Supervised Mode / Supervision
Introduction
Supervised Mode, also called Supervision, is a deployment strategy introduced by Apple for organizations to manage iOS, macOS and tvOS devices. Since its introduction with iOS 5, Supervision has been available to organizations as an effective method for managing Apple devices. Supervision means that an organization owns and has complete control over the devices. End users can access and use supervised devices, but the organization has full administrative control. Thus, the owner can decide which features may be used on the devices by enforcing advanced restrictions or adjusting device settings via MDM system.
Relution supports enrollment type via Apple DEP to put devices in monitored mode.
Put devices in supervised mode / Supervised Mode
In order to access all functions of Apple devices via an MDM system, they must be monitored or supervised. This state is achieved by enrolling the devices in the Apple Device Enrollment Program (DEP). For this purpose, it is necessary to add the devices to the Apple School/Business Manager. If devices are already enrolled, you can continue in the following section.
Add iOS and tvOS devices to Apple School / Business Manager
Apple Configurator 2 is a free app available from the Mac App Store. The application can be used to manually configure Apple devices connected via USB to a Mac computer before the devices are handed out to users. For this purpose, so-called profiles can be created and applied to the devices. In addition, Apple Configurator 2 allows Apple devices that have not already been added to the DEP by an authorized reseller to be subsequently added to the DEP. This option is only available for iPhones, iPads and Apple TVs. macOS devices must be purchased from an authorized reseller to take advantage of automatic enrollment through Apple DEP. Overall, it is recommended to purchase DEP devices directly, as adding them after the fact involves manual effort.
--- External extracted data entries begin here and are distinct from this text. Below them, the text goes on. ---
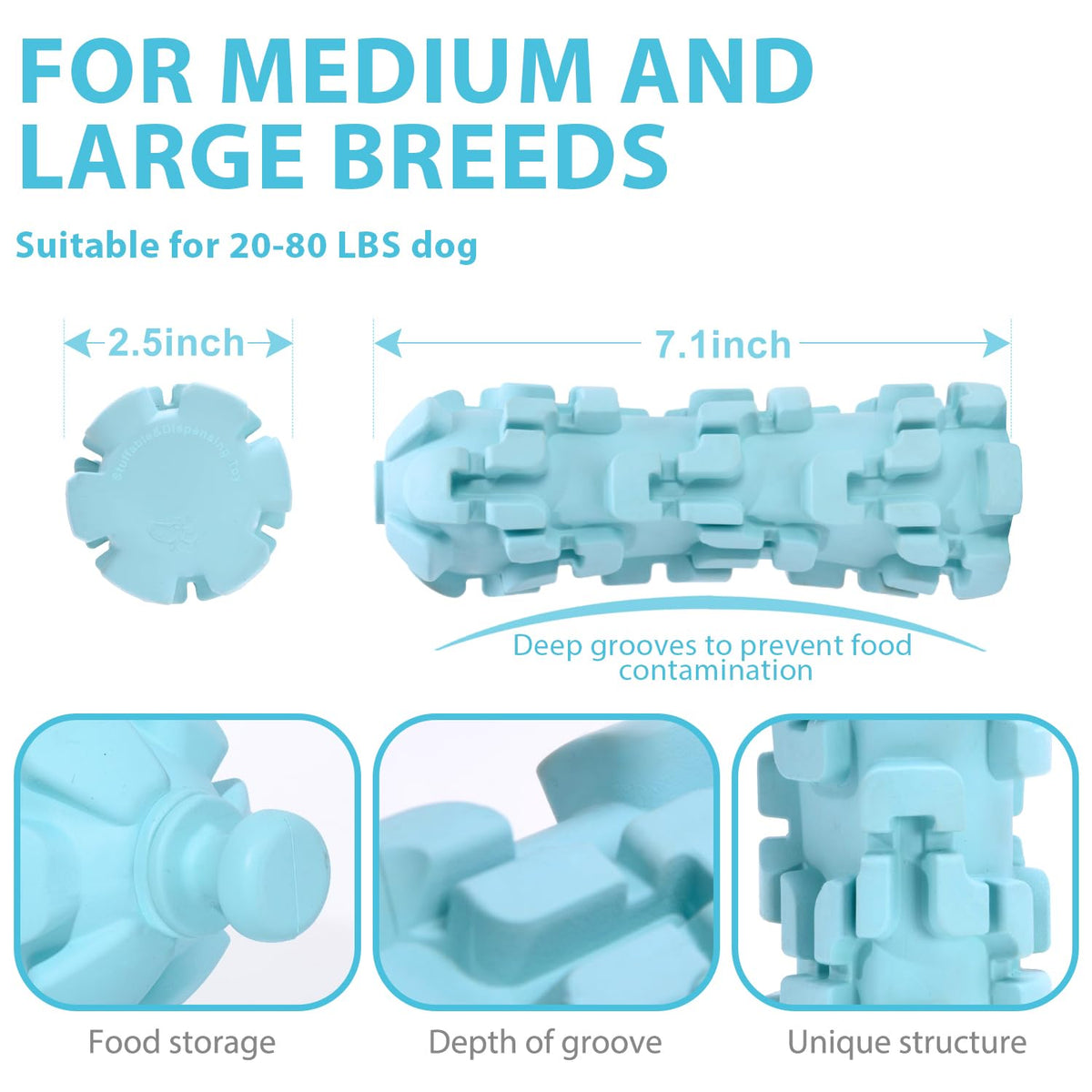 Q: How can this toy help with my dog's anxiety?A: This interactive chew toy serves as a great distraction for dogs, helping to alleviate anxiety and boredom. By engaging your dog in chewing and treat dispensing, it provides mental stimulation and encourages positive behavior.
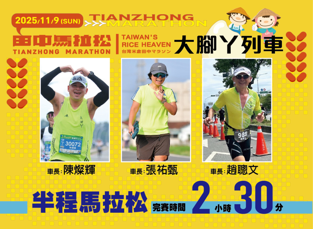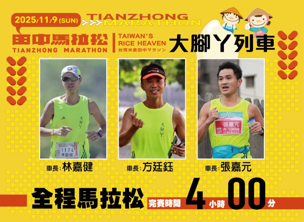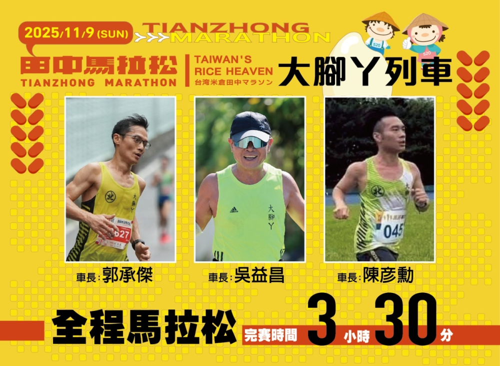 田中馬x大腳ㄚ配速團隊 PACER一覽圖 上車囉!2025-11-02
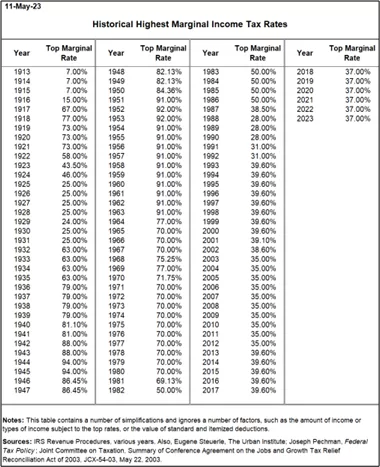The top marginal income tax throughout most of US history was much higher.
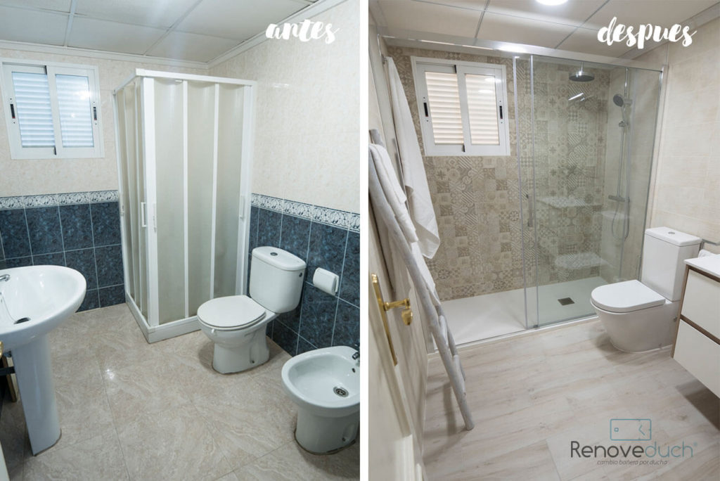 Ahora que ya conoces todas las ventajas que te ofrece esta opción, puedes cambiar la bañera por un plato de ducha o incluso la típica ducha vieja, antigua y resbaladiza por un plato de ducha antideslizante y amplio, acorde a tus necesidades actuales, como en el “antes y después” siguiente. Esperamos que el texto te haya resultado útil si estás interesado en reformas de baños.

Apple devices that are subsequently enrolled via Apple Configurator 2 in Apple School/Business Manager will not function for the first 30 days after provisioning as devices enrolled directly in DEP when purchased through an authorized reseller. Even if you have blocked manual removal of MDM management on devices via the associated DEP profile in the MDM system, users can remove MDM management under Preferences > General > Profiles.
Preparation
In order for Apple devices to automatically connect to the Internet and for the subsequent registration to DEP to be as convenient as possible, it is recommended to create a WiFi profile in advance. This can be created on a Mac via the menu item File > New Profile > WiFi and then saved as a file.
Add devices to DEP
The Apple devices have to be connected with a USB cable to a Mac computer, on which the Apple Configurator 2 is started afterwards. The following dialog appears:
Select the displayed device with the right mouse button and click Prepare.... In the next step, the following options must be selected:
- Add to Apple School Manager or Apple Business Manager (educational/corporate).
- Allow devices to pair with other computers.
In the next step select New Server... and click Next.
Now specify the name and URL of the corresponding Relution Server. The name can be chosen arbitrarily. The URL starts with https:// and is for example for the Relution live system:
- For iOS devices
https://live.relution.io/ - For tvOS devices
https://live.relution.io/api/v1/devices/appleMdm/depenroll.
Then, the next step is to select the displayed certificate. If there are several certificates, the first one is selected.
With this the server, is defined and stored in the Apple Configurator 2. The information is available again for adding further devices to the Device Enrollment Program at a later time.
Now, in the following dialogue New Organization... is selected and confirmed with Next.
The next step is to connect to the Apple DEP server. For this purpose, the Apple ID and password of the respective Apple School / Business Manager account are entered.
If necessary, this login has to be confirmed via two-factor authentication (entering a four-digit code sent via SMS).
Now select Create new caregiver identity and confirm with Next. The organization data is also saved by Apple Configurator 2, so that it can be reused later and no new organization needs to be created.
Afterwards, the setup steps that should not be skipped when setting up the devices are selected in the next dialog. The option Location Services should be selected, otherwise the Apple device will not be assigned to the correct time zone.
Next, you should select a WiFi configuration profile that was previously created in Apple Configurator 2 via File > New Profile. This profile will be automatically adopted by the device after reboot and will directly establish an Internet connection.
This allows the Apple device to transfer the subsequent registration for DEP to the Apple servers. As an alternative to the WiFi profile, the Internet connection from the Mac computer can also be shared with the connected device via the USB connection.
If no profile is selected, the WiFi settings are entered manually when the devices are restarted.
Click on Prepare to reboot the device. It is automatically enrolled into the DEP and then manually assigned to the appropriate Relution MDM server in Apple School/Business Manager.
Settings in Apple School and Business Manager
After manually adding Apple devices in DEP, they must be assigned to the desired MDM server in Apple School / Business Manager. Alternatively, a setting can be configured in Apple School / Business Manager, whereby new devices are automatically assigned to a defined MDM server. All configuration options are described in Apple’s online documentation.